California sees 24% dive in new ObamaCare plan enrollments

  • New enrollments in California’s Affordable Care Act marketplace dropped 23.7% for 2019, down to 295,980 from 388,344 last year. Officials are pinning the blame on loss of the federal tax penalty for people without health insurance. The plunge came despite a statewide bus tour to promote getting coverage ahead of the Jan. 15 deadline for 2019 open enrollment in the state, one of about a dozen states to run its own exchange.
  • CMS Administrator Seema Verma, however, pushed back again the explanation given by the state-run exchange, known as Covered California. On Twitter, she noted the state’s $100 million advertising spend didn’t seem to help its numbers and pointed to slow enrollment in New Jersey, which has enacted its own mandate. “Mandates aren’t the answer, and advertising isn’t the answer,” she wrote. “Americans need more choices and more affordable healthcare options.”
  • Overall enrollment was on par with 2018, with 1.5 million plan selections, according to an early analysis released Wednesday. The steady enrollment was driven largely by renewals, which increased 7.5% year over year to 1,217,903 for 2019, officials said.

The decline in new sign-ups was worse than anticipated and greater than the average 15.8% drop in the 39 states served by the federal marketplace, Healthcare.gov. Covered California officials attributed the difference to steady declines in enrollment in those states over the past four years.
The number of new enrollees in the federal marketplace plunged 49% from 4 million in 2016 to 2.1 million in 2019, in part because of the Trump Administration’s decision to drastically scale back public awareness campaigns ahead of the open enrollment season.
In addition to the penalty’s impact, the analysis found fewer new enrollees who selected bronze plans, the lowest premium option in Covered California. The number of new bronze plans fell 30.5% from 143,000 to 100,000. Among unsubsidized enrollees, the drop was even steeper — down 38.1%.
Enrollment in populations where English is not the preferred spoken language also declined, particularly among Mandarin speakers (28%), Spanish speakers (29%) and Korean speakers (46%).
Other demographics did not seem to affect coverage.
“With the reduction being evenly spread across demographics, the primary driver of the loss of new enrollees appears to be removal of the individual mandate penalty,” Peter Lee, executive director of Covered California, said in a statement.

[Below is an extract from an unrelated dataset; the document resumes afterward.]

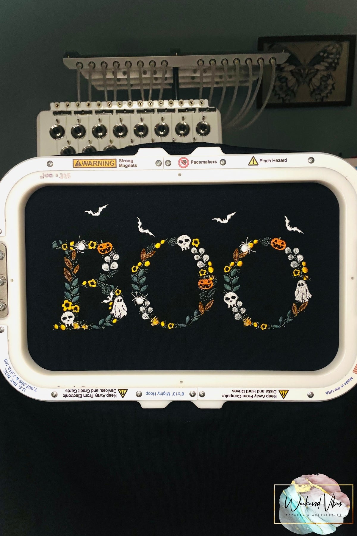 Embroidered Floral Boo Sweatshirt or Hoodie Sweatshirt

Lee added that the decline in new enrollments “affirms the leadership Gov. Gavin Newsom has taken to propose an individual mandate and enhanced subsidies aimed at making coverage more affordable for Californians.”
The results reflect several actions last year likely to undermine enrollment in the ACA exchanges. First and foremost was Congress’ elimination of the individual mandate penalty. The other is the administration’s promotion of short-term and association health plans.
Still, the ACA exchanges are showing signs of stabilizing this year, with more payers in the exchanges and light premium increases, according to an Urban Institute report funded by the Robert Wood Johnson Foundation. The smaller premium increases are likely due to payers scaling back after over-adjusting for uncertainty in the 2018 plan year, according to the report.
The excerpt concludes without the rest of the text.